FIGURE 7. — A, increased activation of the MAPK pathway in the pituitary glands of 8-week-old BTC-tg females as compared with control littermates. B, Western blot analysis of the phosphorylation of Ser-104/106, Ser-118, or Ser-167 on the ERα, total ERα, and TUB in the pituitary glands of BTC-tg females as compared with control littermates (same animals as in A). C, densitometric analysis of the data shown in B revealed no differences in the phosphorylation of Ser-104/106, Ser-118, or Ser-167 on the ERα in pituitary cells between groups.

DISCUSSION

Members of the EGFR/ERBB family are recognized local regulators of mammary gland development and function (see Introduction). In addition to this established local role of the EGFR system, it has been suggested that its members may also influence mammary gland activity indirectly by altering the expression and/or release of prolactin from the pituitary gland. However, so far available evidence is restricted to the expression of the EGFR and several of its ligands in lactotrophs (19, 20), and to in vitro data showing that EGF can induce prolactin expression and release from the pituitary gland (21, 24).
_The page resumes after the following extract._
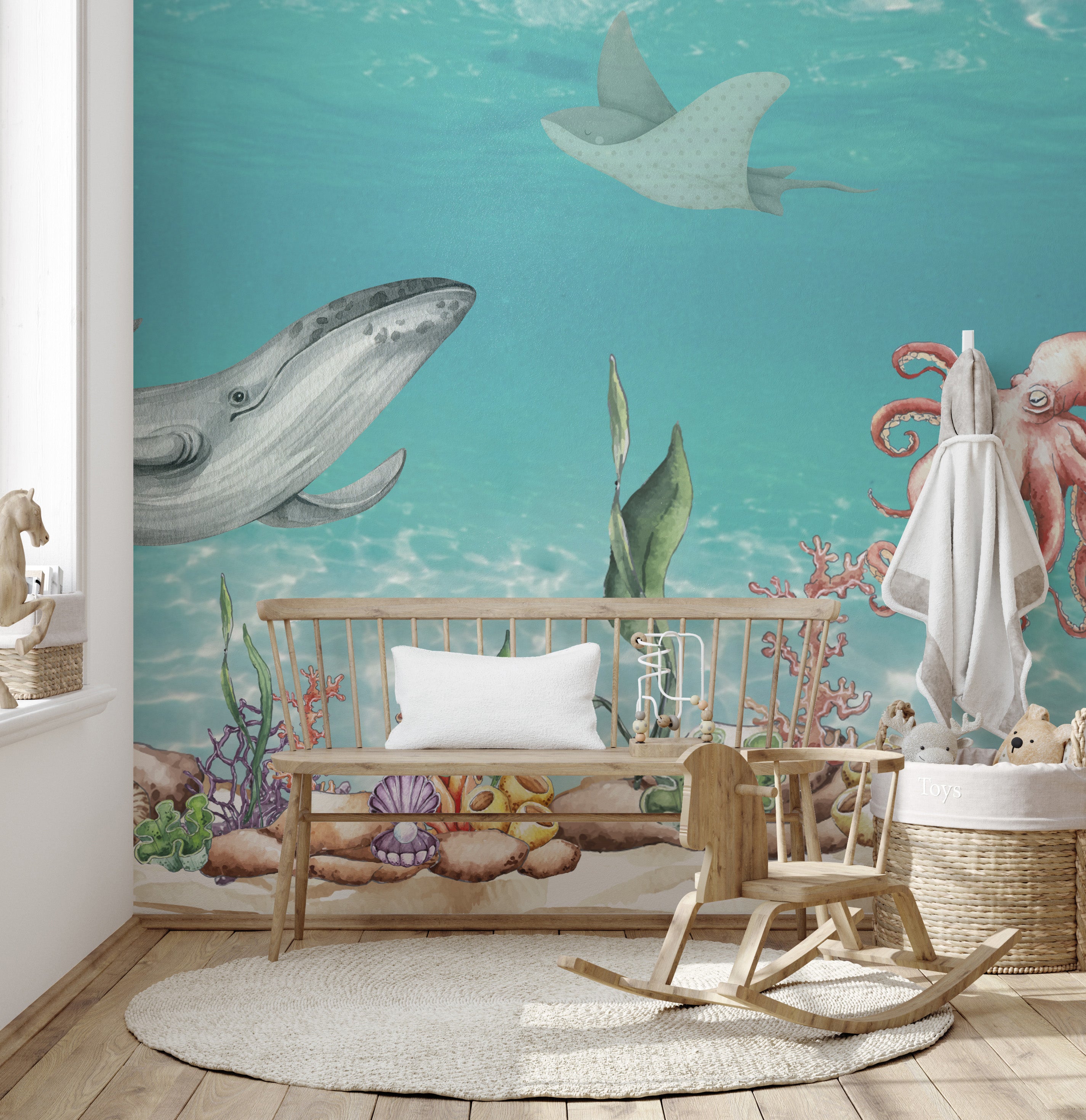 Discover the magic beneath the waves! Our aquatic harmony wall mural brings the ocean's vibrant ecosystem to your child's room. From the gentle whale to the curious octopus, this lively underwater scene sparks joy and curiosity. Every inch is designed to captivate and inspire young minds, turning their room into a haven of marine life. Watch your little ones marvel at the details of this enchanting seascape, a playground for imagination. This kids room wallpaper is not just a visual treat it's a gateway to learning and dreaming about the wonders of the ocean.

In this study, we provide for the first time in vivo evidence that activation of the EGFR in lactotrophs can induce release of prolactin from the pituitary gland into the circulation, resulting in a lactation-like phenotype in the mammary gland. This phenotype integrated the major hallmarks of lactogenesis, including growth of the mammary epithelial parenchyma (increased numbers of alveolar and side buds and increased alveoli area), phosphorylation of STAT5, and the presence of a milk-like secretion with proteins and lipid droplets in the luminar spaces of the acini and lactiferous ducts. Our studies initiated with the fortuitous observation of macroscopically visible changes in the mammary gland of transgenic females overexpressing the EGFR ligand betacellulin (25). The increased solidness and the reduced weight of the mammary glands from BTC-tg females can be attributed to the replacement of fat by mammary epithelial parenchyma. After characterizing the changes in whole mount preparations and histologically, we demonstrated that they were associated with reduced amounts of prolactin in the pituitary gland and concomitantly increased levels of the hormone in the circulation. To establish whether the lactation-like phenotype was a consequence of increased circulating prolactin, we treated BTC-tg females and control littermates with bromocriptine, a potent dopamine agonist. The disappearance of the mammary gland phenotype after treatment of BTC-tg mice with bromocriptine revealed that the lactation-like changes are attributable exclusively to increased prolactin release due to a central action of BTC in the pituitary gland, instead of a local action of the growth factor in the mammary gland. Finally, by crossing BTC-tg mice to Wa5 mice carrying an antimorphic Egfr allele (29), we show that the changes observed in the mammary gland of BTC-tg are mediated by the EGFR instead of other ERBBs.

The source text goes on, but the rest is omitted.